Judge Tells Software Company Free Speech Means Something

Cnet: Court: Network Associates can’t gag users. New York state Supreme Court Justice Marilyn Shafer issued a ruling, made public this week, prohibiting the security software specialist from trying to use its end-user license agreements to ban product reviews or benchmark tests. The judge called the company’s attempted ban “deceptive” because it implied consumers who conducted the reviews would be violating the law, when they would not. Shafer has not ruled on damages.

I don’t quite get the “deceptive” part of this, but the ruling is a good one in any case. Stifling criticism is a lousy idea no matter what the reason.
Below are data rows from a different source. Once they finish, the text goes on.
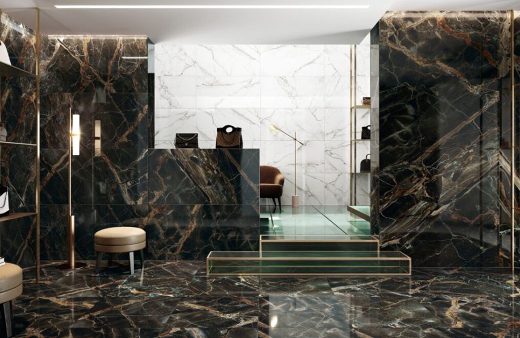 Rhapsody is a complete series for floors and walls whose colors and textures are inspired by the world’s finest marbles, the classical pure whites and the deepest blacks, enhanced by contrasting veining, as well as the unconventional marbles dominated by cobalt blue or striking gold veining.
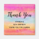 Um ímã de festa com uma imagem de um desenho abstrato pintado. Listras amarelas azuis e rosa. Padrão de fundo torto e vibrante.
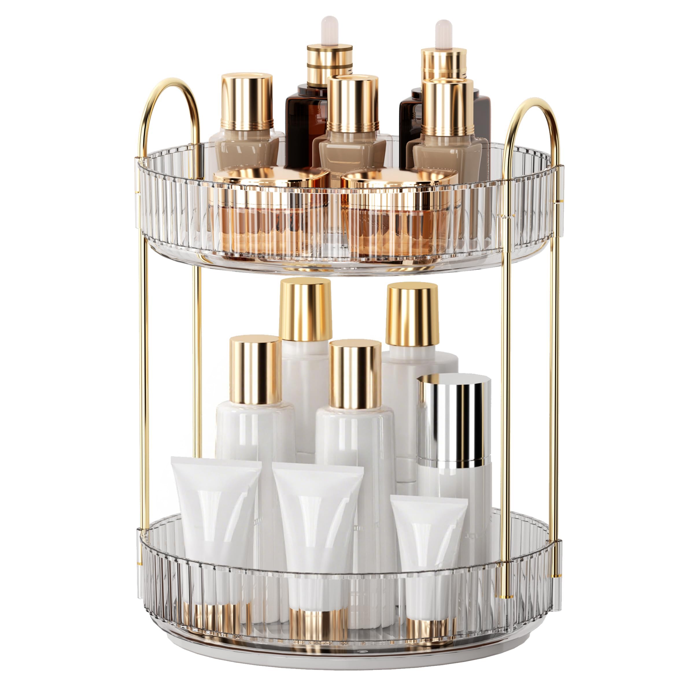 Organizador de maquillaje giratorio de 360 grados para tocador, organizador de perfumes ajustable de 2 niveles para tocador, cosmé
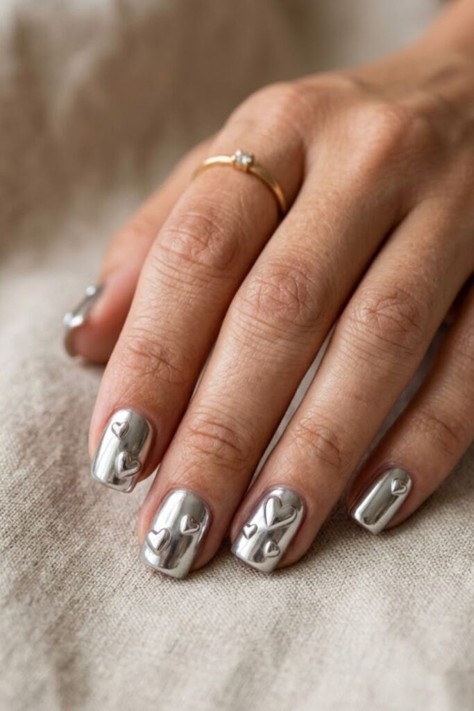Liquid silver chrome looks incredible on a short, square-shaped overlay. Your nail tech can hand-paint tiny 3D chrome hearts or stars for a Y2K FunHaus aesthetic. Such a fun way to add personality to a shorter set without feeling too bulky or over-the-top.

Network Associates says it just wants to prevent unfair or inaccurate reviews and comparisons. Gosh, I have a feeling that politicians would like to force reporters into similar boxes.

The company has only a passing acquaintance, apparently, with an old-fashioned thing we call free speech. Unfortunately, the protectors of free speech have done such a lousy job in recent years — not in defending it legally but making clear to people why it’s so crucial — that Network Associates’ argument may sound appealing to those who don’t think it through.

The way to combat speech you don’t like is more speech — better speech. Perhaps someone should remind the Network Associates lawyers that the First Amendment still stands for something.